Have run into exactly this before. Wrote a scraper that retrieved results from a...

tshaddox · on Aug 23, 2016

It seems like you could easily hit those scaling issues by manually browsing the website. While I agree that it sucks to take down a site by scraping, in that specific case it sounds like the performance issues are their fault and not yours. That said, once I realized the effect my scraping had, I would (hopefully) cease my scraping.

chucksmash · on Aug 24, 2016

So the thing is, I could totally believe they never saw this traffic pattern under normal load. I'd expect bar trivia scores in a certain mid-sized US city are one of those niche things where you have a very low number of uniques but each unique then pokes around on 9 or 10 pages while they're there. The fact that the site didn't crash during normal browsing was what originally led me to speculate they were maintaining an open DB connection per session. If that was indeed the issue, I could totally imagine they'd only rarely (never?) had 100+ "concurrent..ish" unique visitors.

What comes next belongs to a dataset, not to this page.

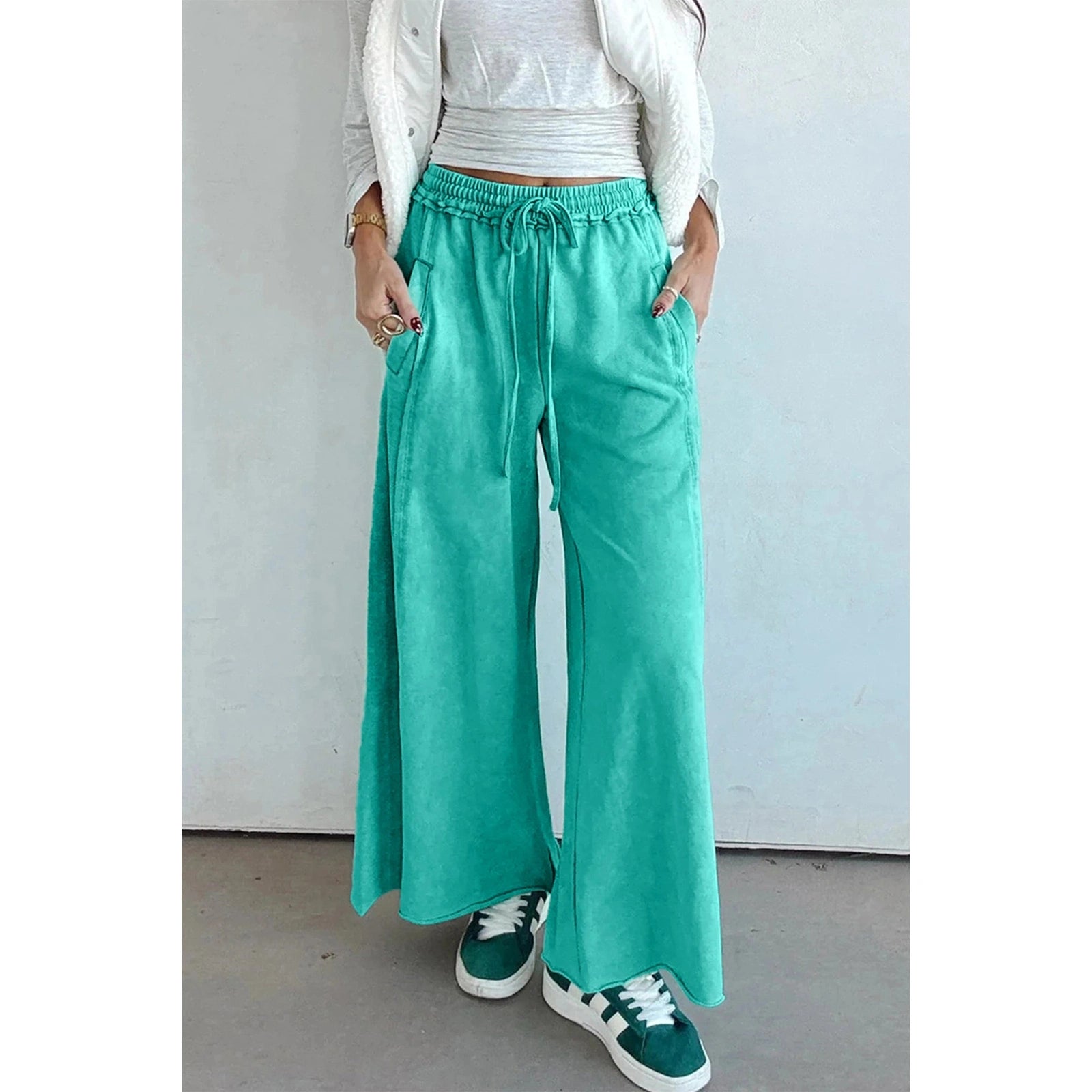 Odessa Sea Green Mineral Wash Drawstring Elastic Waist Raw Hem Loose Pants

Grishnakh · on Aug 25, 2016

Ok, then why couldn't you revise your scraper so that it did everything in a single session, to avoid this problem?

To me, for private, personal use, a scraper should emulate a normal human browser as much as possible to avoid causing site problems and to avoid detection. If what you're doing can be done in the background, or by a cron process at some odd hour, it doesn't have to be fast at all, and you can set the timings to be similar to a normal human.

chucksmash · on Aug 23, 2016

Now that I think about it a bit more, I think my hypothesis was that DB connections were allocated at the session level and that without cookies enabled each request initiated a new session.

I'd consider that a bug not a feature but I still think it's incumbent on me, the guy scraping the website, not to trigger it.

jdc0589 · on Aug 23, 2016

That is a classic connection pooling/lifecycle bug, and usually one that gets caught in the first few days of having multiple people utilizing a product/service, worst case.

If someone's production site, thats been around for while, had a bug like this that can be caused by what you describe, I'd love to see how many real users they have. I'm sure its possible under certain circumstances, but its definitely bad engineering that would be caused by literally any traffic.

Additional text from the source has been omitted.